Мысли путались, сбивались, рассыпались обломками, и не было ни одного ясного решения, ни одного определенного замысла. Только инстинкт подсказывал, что все само собой решится там, в доме номер девять, в квартире неизвестной ему женщины, которую он сегодня спас от гибели.
«Не дамся… ни за что не дамся!» — взволнованно думал Владимир Николаевич.
Он бросился в кабинет и, схватив револьвер, сунул его в карман. Затем он остановился у двери, что-то напряженно обдумывая, после чего, скрипнув зубами, сорвал портьеру и погрозил кому-то кулаком.
— Проклятый и неведомый… Если ты хочешь разбить мое счастье, то тебе не достигнуть этого. Слышишь? Не достигнуть!
Но когда он замолк, задыхаясь, он ясно услышал чей-то сдержанный злобный смех.
— Не боюсь! — бешено крикнул Савелов. — Не боюсь… Борьба — так борьба… но я не сдамся… не сдамся!

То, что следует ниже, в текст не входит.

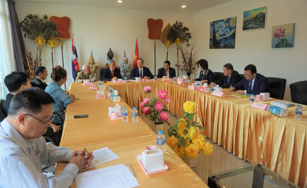 在泰中侨商联合会,会长邝锦荣向万立骏一行介绍了联合会发展情况。万立骏说,团结就是力量,无论是经商办企业,还是做好商会工作,团结都至关重要。他勉励联合会立足自身特点,找准发展方向,搭建更多平台,在团结联系新侨、促进泰中侨商组织交流合作、增进中泰友谊等方面发挥更大作用。
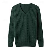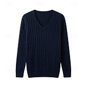 More information about Men's Pullover Sweater Jumper Cropped Sweater Knit Sweater Ribbed Cable Knit Knit Regular Knitted Plain V Neck Fashion Casual Daily Wear Date Clothing Apparel Fall & Winter Dark Navy Dark Green M L
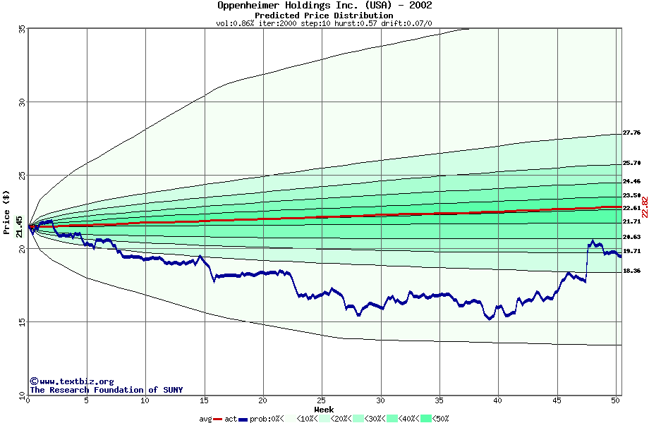 The following graph plots the year-to-date performance of the stock for 2002 compared to the probability calculated by a random walk model.
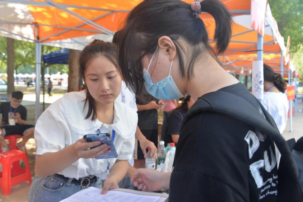 迎新志愿者认真为新生进行扫码签到
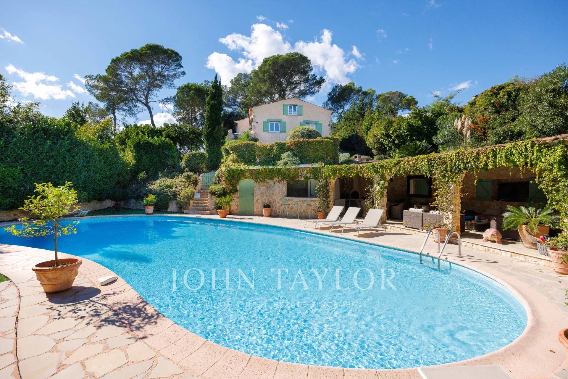 Eingebettet in die Domaine de la Peyrière bietet diese 400 m² große Villa eine Premium-Lage und ein außergewöhnliches Aufwertungspotenzial. Ihr 1.900 m² großer Garten ist makellos, nur wenige Schritte vom Golfplatz entfernt und in absoluter Ruhe gelegen.
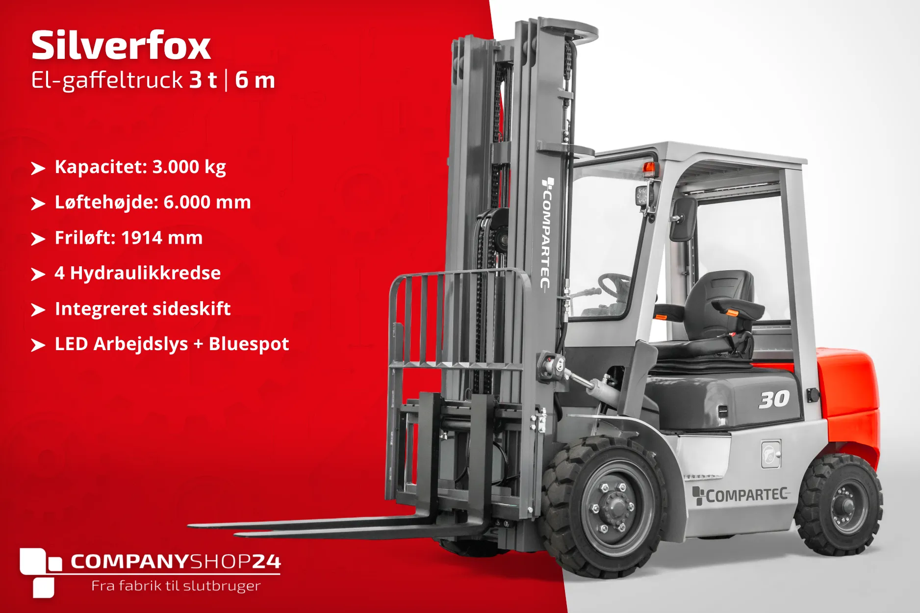 Uanset om du driver tagdækkerfirma, tømrerforretning, stenhuggeri eller snedkeri: Du har ikke brug for en high-end industrigaffeltruck med touchskærme og smarte gimmicks – men derimod en robust maskine, der kan tage fat. Silverfox fra COMPARTEC leverer 3000 kg løftekapacitet, elektrisk kraft uden unødigt lir - og det til en fair pris.

Через несколько минут великолепный мотор Савелова судорожными рывками мчался, направляясь к Усадебной улице.
Она была на окраине и, несмотря на то, что адвокат ежеминутно подгонял шофера, они приехали к дому № не раньше, как через полчаса.
— Где живет Станиславская? — спросил Савелов у вышедшего на звонок швейцара.
Тот хмурился сначала, но, получив «на чай» крупную ассигнацию, сразу указал квартиру певицы.
Когда Савелову открыли дверь, его встретила Станиславская. С радостным криком схватив его руки, она воскликнула:
— Наконец-то! Не удивляйтесь ничему… Я знаю… После… расскажу после… Едем!
Ее лицо было бледно, лихорадочно горели глаза и порывисты, резки были ее движения.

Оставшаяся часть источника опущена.